Целый день мы с Наташей щипали уток и гусей, потрошили дичь, а Лев Васильевич, Наталья Ивановна, Эдик и Валера разбирали и описывали образцы, приводили в порядок записи, сушили снаряжение. Я приготовил огромную кастрюлю чахохбили, миску паштета, зайца нашпиговал чесноком и сушеными и консервированными фруктами (семья-то теперь вон какая, да еще к ночи либо завтра с утра будут гости).
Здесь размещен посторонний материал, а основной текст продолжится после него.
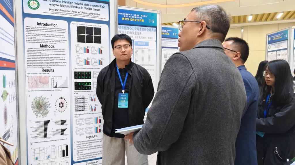 根据赛制安排,37名参赛者依据论文研究方向(基础研究、临床研究、人文社科医学相关)被随机分为三个小组,在三个分赛场同步进行角逐。竞赛采用壁报展示与现场答辩相结合的形式,每位参赛者拥有5分钟时间精炼阐述其研究内容与创新点,并接受评委专家3分钟的现场提问。评审专家组从研究内容的科学性与创新性、参赛者的表达能力、壁报制作的专业性与美观度以及现场表现等多个维度进行综合考评,确保评审过程的科学、公正与公平。 比赛现场气氛紧张而热烈。参赛研究生们准备充分,精神饱满,围绕各自的研究课题,以清晰的逻辑、流畅的表达和精心设计的壁报,生动展示了其在医学前沿领域的探索与发现。评委专家们的提问精准深刻,点评专业中肯,不仅考察了参赛者的临场应变能力,更启发了其后续研究的思路。整场竞赛充分展现了当代医学研究生严谨求实的科学态度、勇于创新的探索精神以及良好的学术风貌。 经过一上午的激烈角逐,评委组依据评分结果合议,最终评选出一等奖3名、二等奖6名、三等奖9名及优秀壁报奖19名。

В седьмом часу усталость свалила всех нас, и мы отправились спать, а Лев Васильевич с Наташей отправились на сеанс радиосвязи (в запасное время). Однако выспаться в этот день, как видно, нам было не суждено: минут через сорок после того, как мы сомкнули глаза, к нам в палатку сунул голову Лев Васильевич и радостно закричал:
— Вставайте! По нашей долине идет танк!
Мы выскочили из мешков, на ходу одеваясь. По нашей долине, прямо по самой Фрамке, полз, сыто урча, танк и тащил за собой палатку на санях, ту самую, с выцветшим флагом, лозунгом, трубой и окошком. Правда, на торцевой стороне гольцы теперь не висели, так что был хорошо виден герб РСФСР, заплывший, правда, рыбьим жиром. Валера бросился в нашу палатку за ракетницей и ракетами (зачем? салютовать?), а Эдик и Люся сломя голову кинулись не разбирая дороги навстречу вездеходу. Они почему-то решили, что к нам едет другой отряд из их лаборатории, который работает как раз вот на таком вездеходе и живет в такой же вот палатке на санном ходу. Но ведь тот отряд работает в районе мыса Челюскин (отсюда по прямой километров пятьсот, не меньше), как он мог попасть сюда, да и зачем? Но ведь не могли наши ребята предположить, что здесь, где человек был лет десять — двадцать назад, а до той поры, скорее всего, вообще не был никогда, можно просто так кого-то встретить, как на улице в городе. А в том отряде у Эдика работает друг, молчаливый латыш Гунар (художник по профессии, а в поле, как и я, рабочий, повар и добытчик), очень похожий к тому же (внешне, только внешне!) на Игоря. А тут еще Игорь встал во весь рост и издалека закричал: — Фрам!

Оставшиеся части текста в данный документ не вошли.